這個農場防盜措施很嚴密,紅磚圍墻砌得怕有兩米多高,上面鋪著鐵絲網,每隔幾十米還有一個攝像槍。大門是一扇厚重的鐵門,鐵門上還開著一個小鐵窗。
鄭遐覺得這不像個果園,倒有點像看守所。
兩邊紅磚砌的門柱一左一右掛了兩塊醒目的白底黑字招牌:海門市殘聯殘疾人康療基地、海門市正陽區東溪農場。
令鄭遐生氣的是,紅磚墻面上還釘著一塊黃銅色的銘牌,銘牌上的文字是:全省殘疾人就業示范基地。下面授牌單位赫然是廣南省省殘聯。
他娘的,這不是典型的掛羊頭賣狗肉么?都不合作了,招牌卻擦得锃亮,這個寇東溪……
寇榮開始按門鈴,叮咚,叮咚。良久,沒有聲音。
鄭遐也不著急,叉著腰,在原地溜達。
突然,鄭遐發現灰白色的水泥地面上有星星點點的黑色油漬。順著腳下的油漬向遠處看,時不時看到路面有那么一點……
鄭遐粗粗判斷,有點像汽車機油滲漏掉在地上的痕跡。腳下的污漬,有淺有深,斑斑點點,估計有些年月了。——汽車漏油不會是經常性的,這是什么情況?寇東溪這里頭不是果園和紙盒廠么?他的運輸工具難道是拖拉機?
鄭遐還在胡思亂想的時候,鐵門上的小鐵窗““吱呀”一聲開了,露出一張胖胖的臉。
“找誰?”胖子說話很不客氣。
寇榮說:“我是正陽區zhengfu的人,約了東溪兄談事的。”
“真約了?”
“約了。”
胖子打量了一下兩人:“你們等著,我核實一下。”
“啪”的一聲,小鐵窗關上了。“汪汪汪”鐵門里響起一陣狗叫。
寇榮臉色一變,說:“鄭科,這里有狗。”
鄭遐說:“怎么?怕狗?”
寇榮說:“這里的兩條狗兇得很,是德國黑背。”
鄭遐笑了:“我們找寇東溪談事,他會放狗咬人?”
寇榮說,“這狗不聽主人的話,經常咬傷路人,所以果園里的保安看得很死。”
大山里出來的鄭副鎮長哪里會怕狗?
鄭遐說:“誰被咬過?”
“錢科差點兒被咬。”寇榮悄悄看鄭遐的臉色。
鄭遐默不作聲。
良久,那小鐵窗打開了,胖子的臉又露了出來。
胖子說:“寇總說了,有話去區里談,他請客吃飯喝茶。農場不方便談話,我們這條件不好,看家狗也太兇,喜歡咬陌生人,不安全。”

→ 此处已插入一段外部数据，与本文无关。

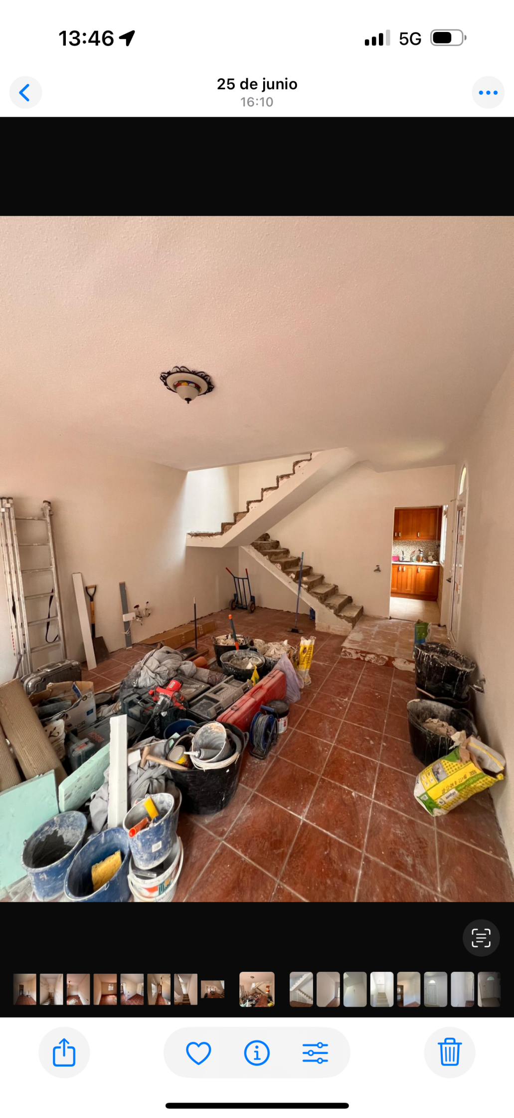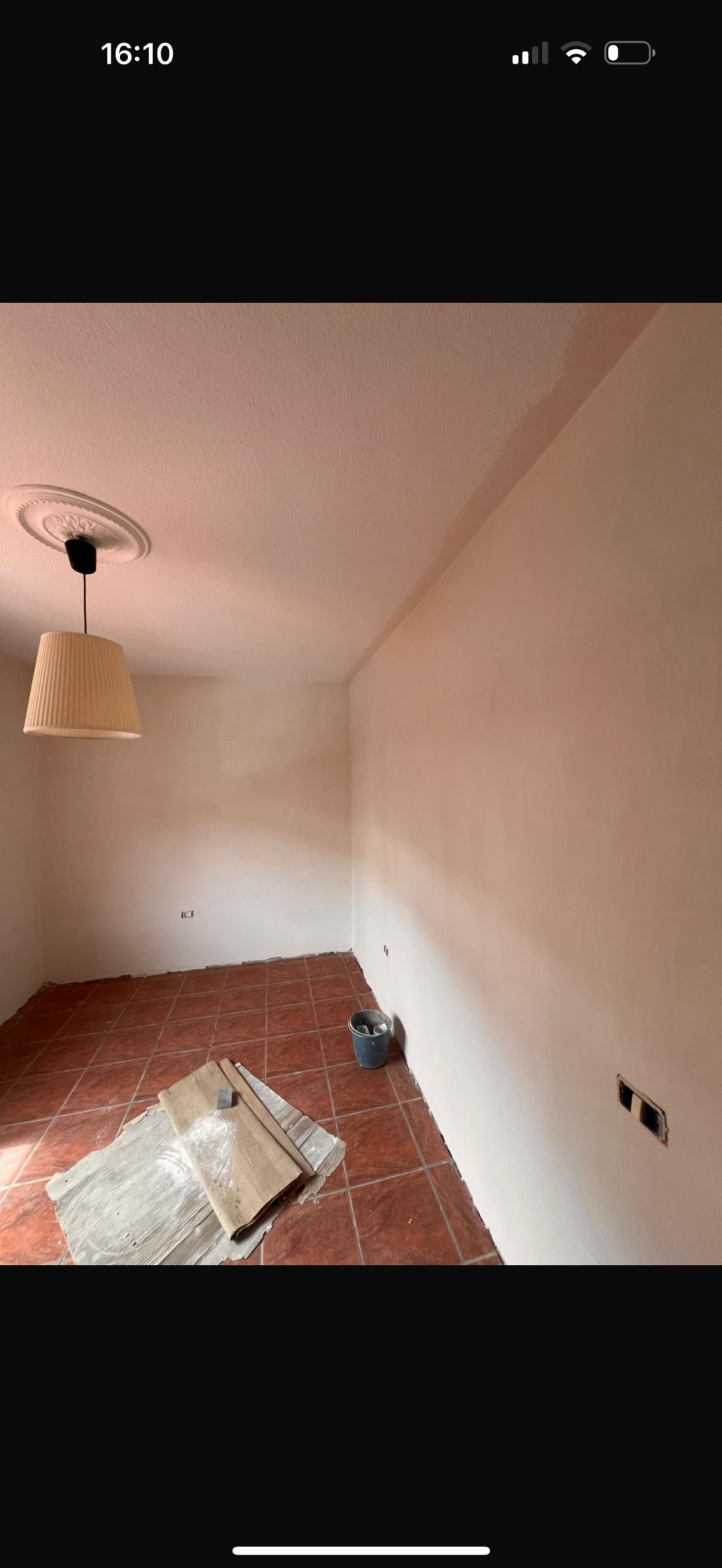 Pintado de vivienda de yeso nuevo. Lijado del soporte, retoque de gotelé en techos, aplicación de una capa de procofix y dos capas de pintura blanca sideral S-500.

滑稽!這種理由也成立,鄭遐止不住腹誹,底層刁民耍賴皮都不會編排!你把狗拉到別處去就不行么?
鄭遐說:“你把狗領走,我們進來。”
胖子說:“我們的狗沒有狗繩,散養的,它聽到動靜就會沖過來,狗耳朵可靈了。”
鄭遐干脆地道:“我們開車進來,你把門打開,別廢話!”
胖子認真地道:“這可是你自己說的啊。”
“我說的!”
“好吧,我把狗領走。但是它聽到動靜沖過來可不能怪我。”
“不怪你。”
胖子點點頭,小鐵門“啪”的關上了。
半晌,滑輪開始“吱呀吱呀”呻吟,厚重的大門緩緩拉開。鄭遐胳膊一緊,扭頭一看,寇榮緊緊地抓住了自己的胳膊。鄭遐暗暗好笑,今天算開眼了,兩條狗都能嚇倒國家干部。